Just over 2 months ago I had knee surgery on my right side for a torn medial meniscus.  I had a repair surgery as opposed to a meniscotomy.  It's a tougher recovery, but it is better in the long run because you get to keep the whole thing in tact.  Basically, it was sutured back together as opposed to a simple removal of the damaged piece.

I was on crutches for 6 weeks and unable to drive.  As well, I had to almost constantly elevate my foot for about the first month or it would well pretty badly.  I did nothing but sit on my ass for about a month, save for my PT sessions.  The last week or two I started doing pushups, pullups, and other bodyweight stuff in my room a little bit.  Needless to say, I got a little smaller, weaker, and softer.

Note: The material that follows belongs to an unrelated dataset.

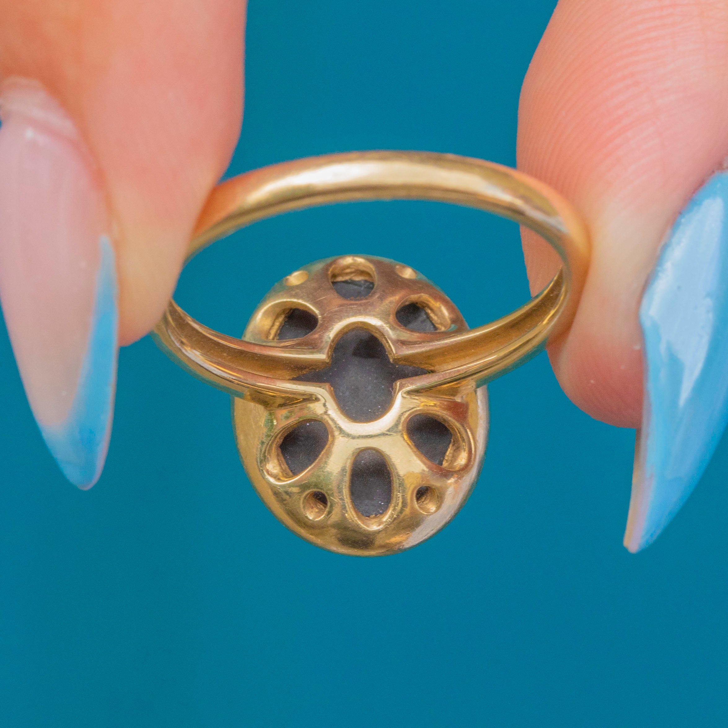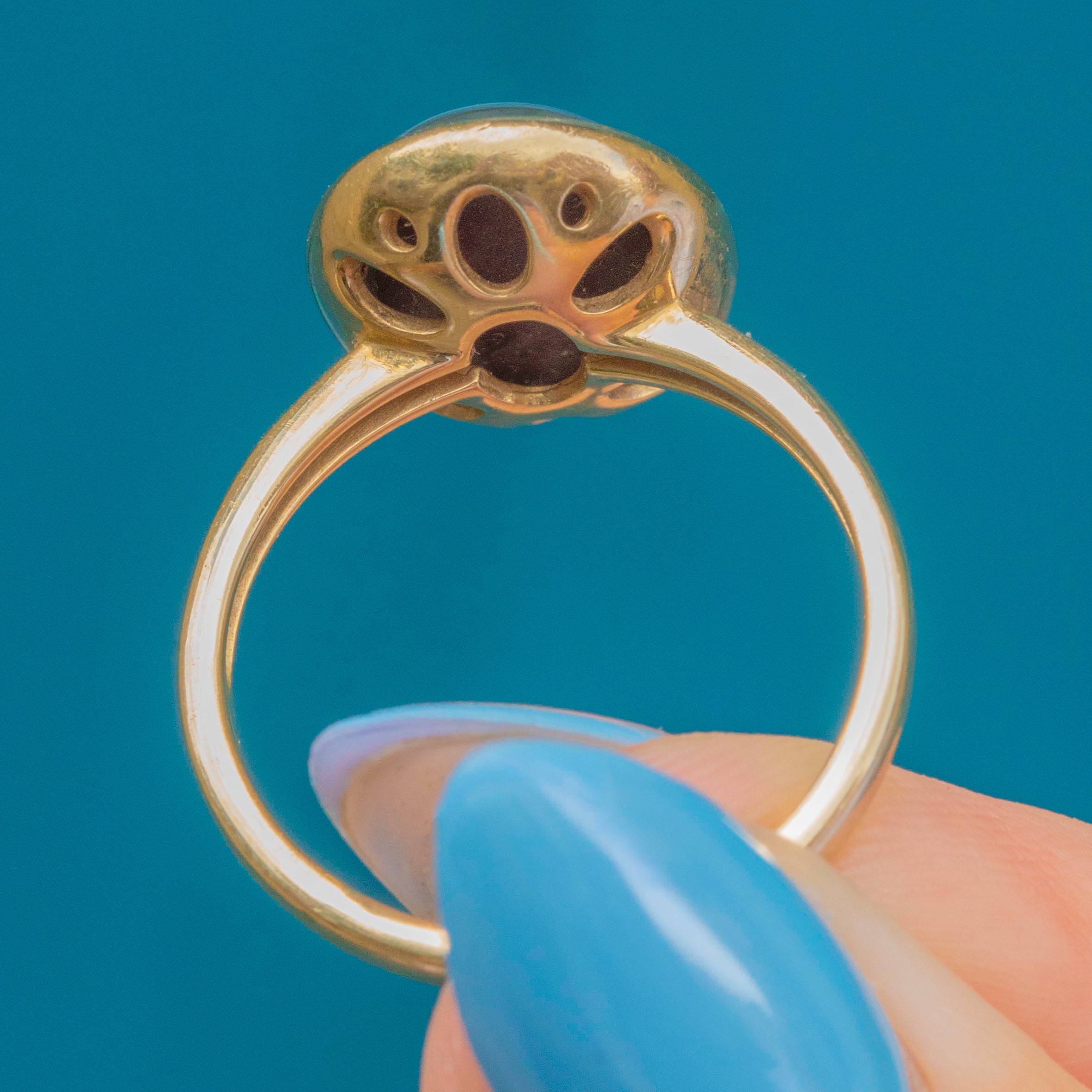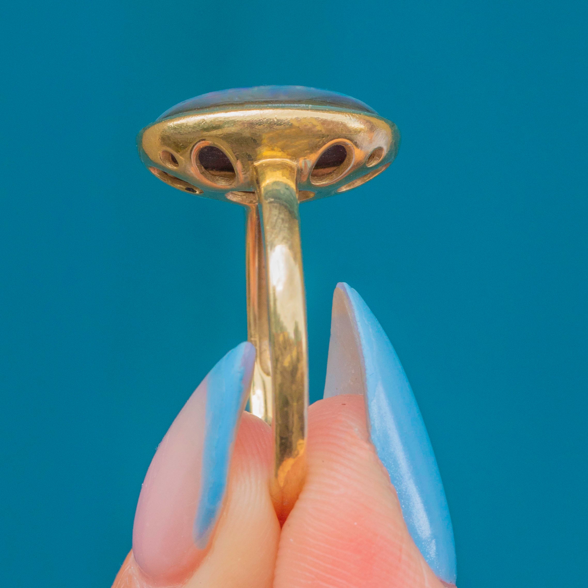 The Opal is encircled by a chunky 9ct Gold bezel, the warmth effortlessly complementing the cool tones of the gemstone. A versatile piece, this vintage Opal ring is soon to become your newest staple item.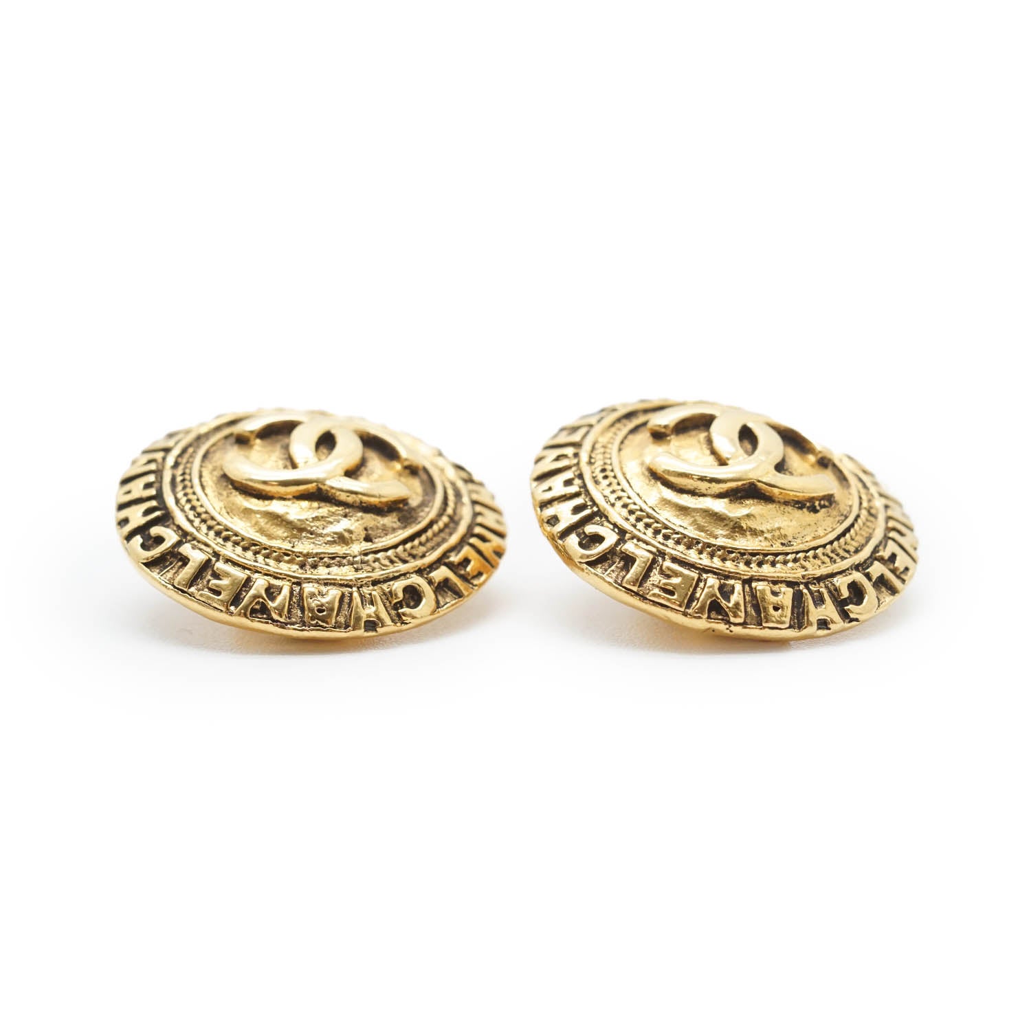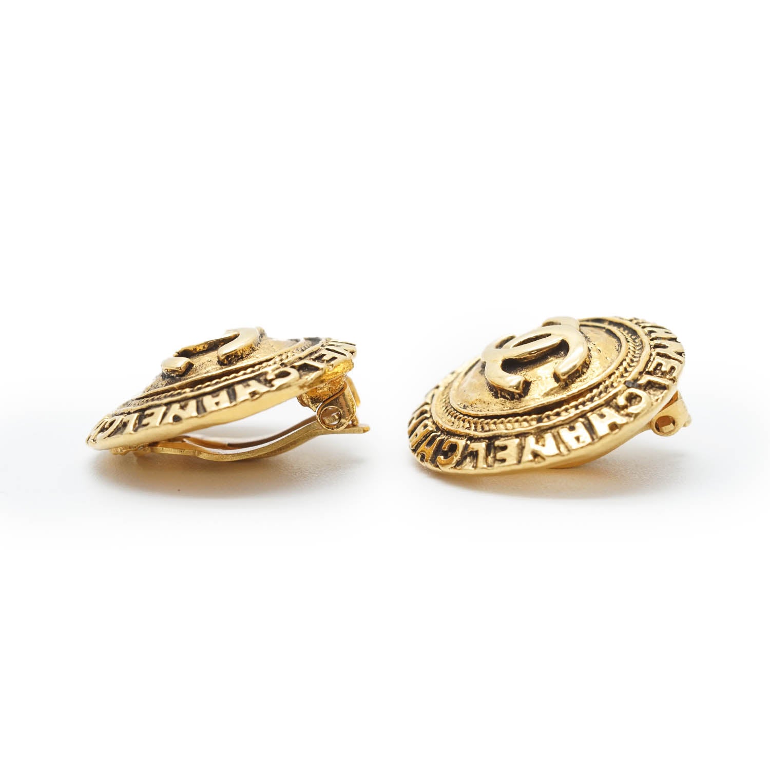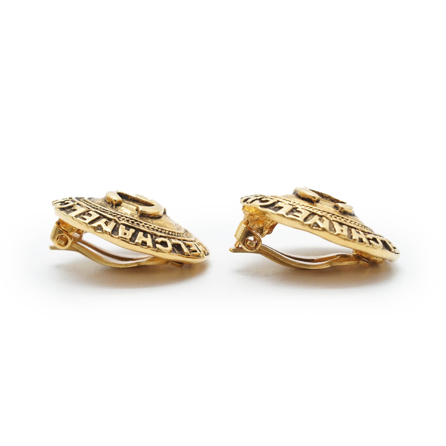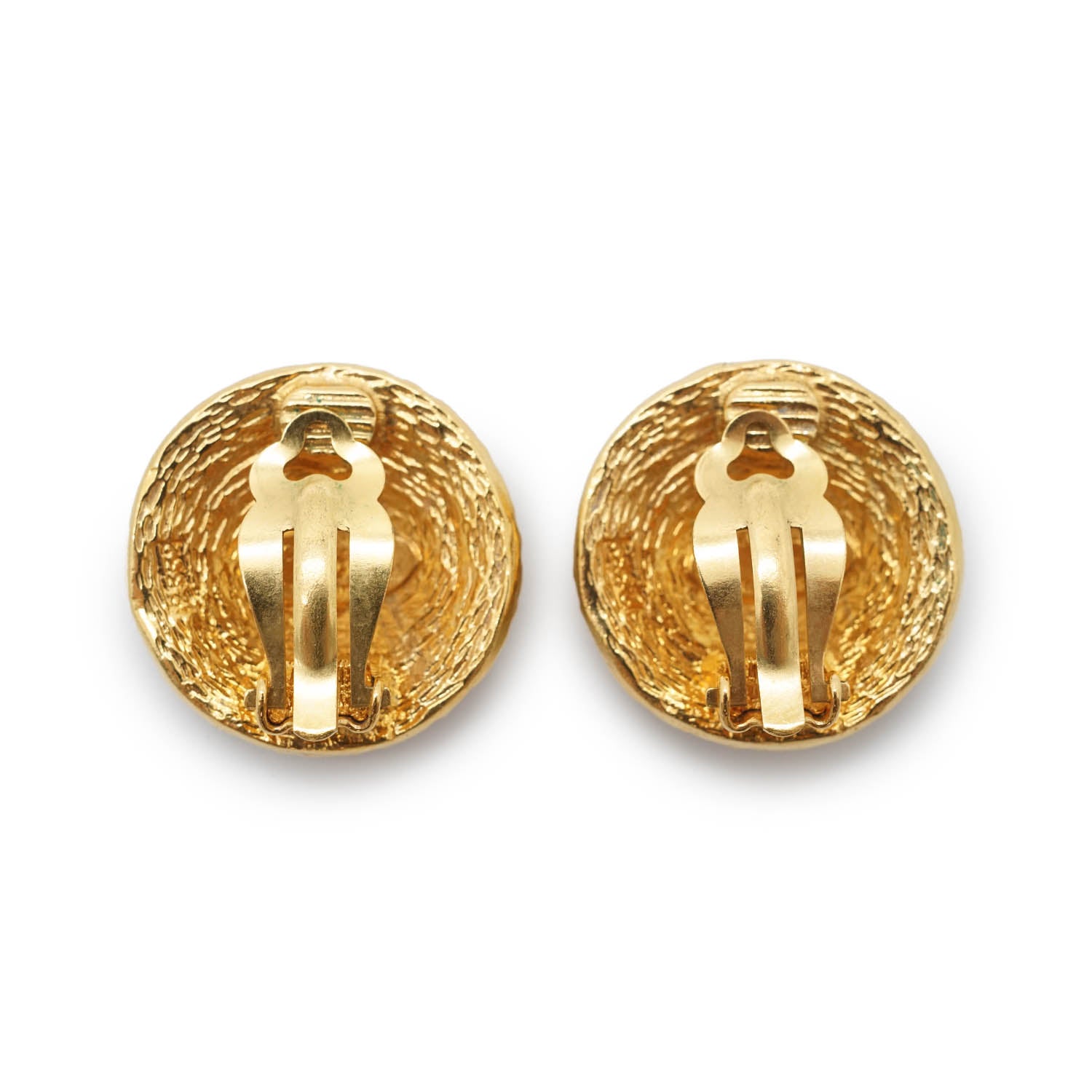 Coco Mark Letter Logo Round Clip Earrings GP Gold Brass

I was so happy to get back to the gym, but the point of my story is that my goals are perhaps a bit different in some ways than in the past.  A few things I want to do:


Get my upper body strength back to where it was by the end of the year, and preferably higher than that.

Get my lower body strength back to where it was by the end of this coming winter (Hopefully the size of my right quad/leg too; fucking atrophy).

Worry less about body fat right now, and more about regaining lost muscle, consuming enough calories for needed tissue recovery, and that means not worrying about carbohydrate or overall consumption too much.  I still eat pretty damned clean though.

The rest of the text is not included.